L’admission des femmes dans l’histoire littéraire n’est que toute récente et la recherche littéraire  trime encore aujourd’hui pour faire émerger les écrivaines oubliées. Car il y en a eu avant le XXème siècle, mais le nombre semble être bien faible face à l’énormité de la prépondérance masculine. Qu’est-ce qui explique cette criante absence ? La privation de l’accès à la connaissance ? Le placard maternel et domestique ? Une trop facile propension des femmes à se laisser faire… ?
L’histoire est parsemée de femmes cachées dans l’ombre d’un homme qui n’avait d’écrivain que sa gouaillerie tandis qu’elle planchait des heures entières à écrire un livre (publié sous son nom à lui bien sûr) qu’il se gosait dans les salons d’avoir écrit. Cela nous paraît aujourd’hui inadmissible, mais nombreuses parmi elles ont même été volontaires et ont sciemment caché leurs contributions. Citons Julia Daudet et le cahier à deux mains qu’elle partagea avec son mari, Alphonse, lui écrivant à gauche, elle réécrivant à droite à sa suite ; jamais elle n’en fit publiquement état pour « ne pas entacher la gloire de son mari ». D’autres en ont souffert : rappelons que Zelda Fitzgerald ne put directement proposé son manuscrit à son éditeur sans l’intermédiaire de son mari, Scott, qui l’a par ailleurs bien souvent plagié.
En dépit des tabous, certaines se sont tout de même mêlées d’écriture. Parmi elles, Georges Sand bien sûr, l’une des figures féminines qui fit basculer le XIXème siècle dans le modernisme. Et pourtant, pourquoi ce recours à un pseudonyme masculin ? Simplifier la publication, garantir l’anonymat, d’accord, mais le pseudonyme masculin n’est-il pas aussi une forme de lâcheté ? Après tout, n’est-ce pas affirmer encore une fois l’illégitimité des femmes à entrer en littérature ? Une façon, encore une fois, de céder à la convention de la domination masculine : seuls les hommes peuvent écrire.
Citons un quasi contre-exemple. Virginia Woolf écrivait et publiait (en son nom et avec l’aide de Leonard, son mari) ses  livres, elle fût un être accompli, fort et visionnaire… Pourtant, mari (par esprit protecteur) et médecin (par bêtise) furent d’accord : sa santé ne lui permettait pas d’être écrivaine ET mère, elle devait faire un choix ; son journal se parsème et témoigne du regret sourd de la maternité.

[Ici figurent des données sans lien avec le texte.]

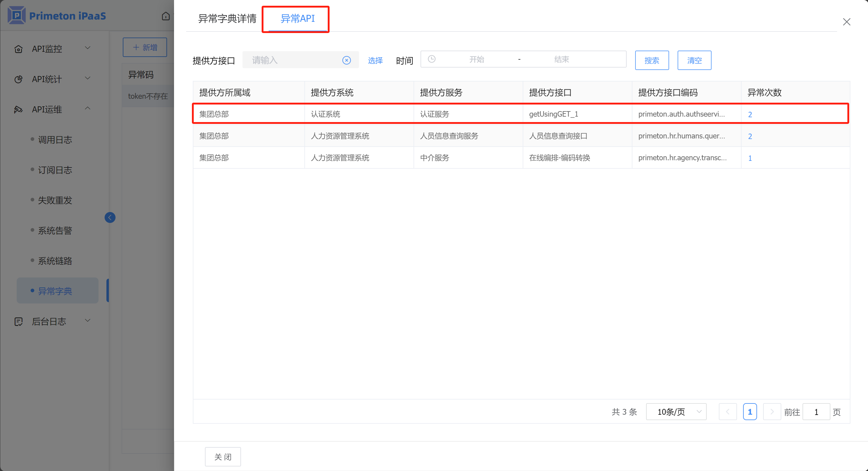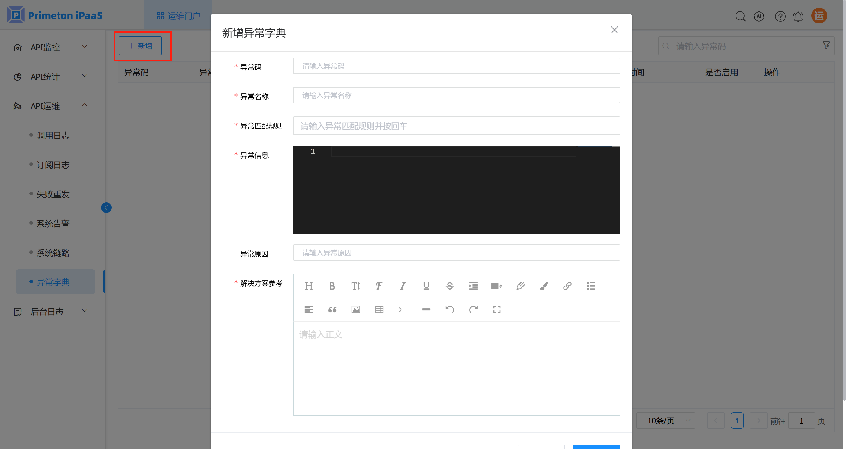 1. 登录运维人员账户(monitor/000000),进入运维门户,点击菜单“API运维”>“异常字典”,进入“异常字典”页面。

Au XIXè et XXè siècles encore, certaines femmes mettent elles-mêmes en question leur légitimité à la créativité alors que les hommes ne leur demandent aucune justification, ou encore s’emportent contre l’homme qui n’a rien fait pour entraver leur liberté, comme ce fût le cas de Otto Modersohn qui fût de nombreuses années rejeté par sa femme peintre, Paula Becker, persuadée qu’il cherchait à brimer sa liberté alors qu’il n’avait jamais chercher à l’attenter...

Réf. : Inspiré d’une conférence de Hélène Maurel-Indart à la séance du 12 mai 2017 de l’Académie des sciences, des arts et des belles lettres de Touraine, université François-Rabelais de Tours.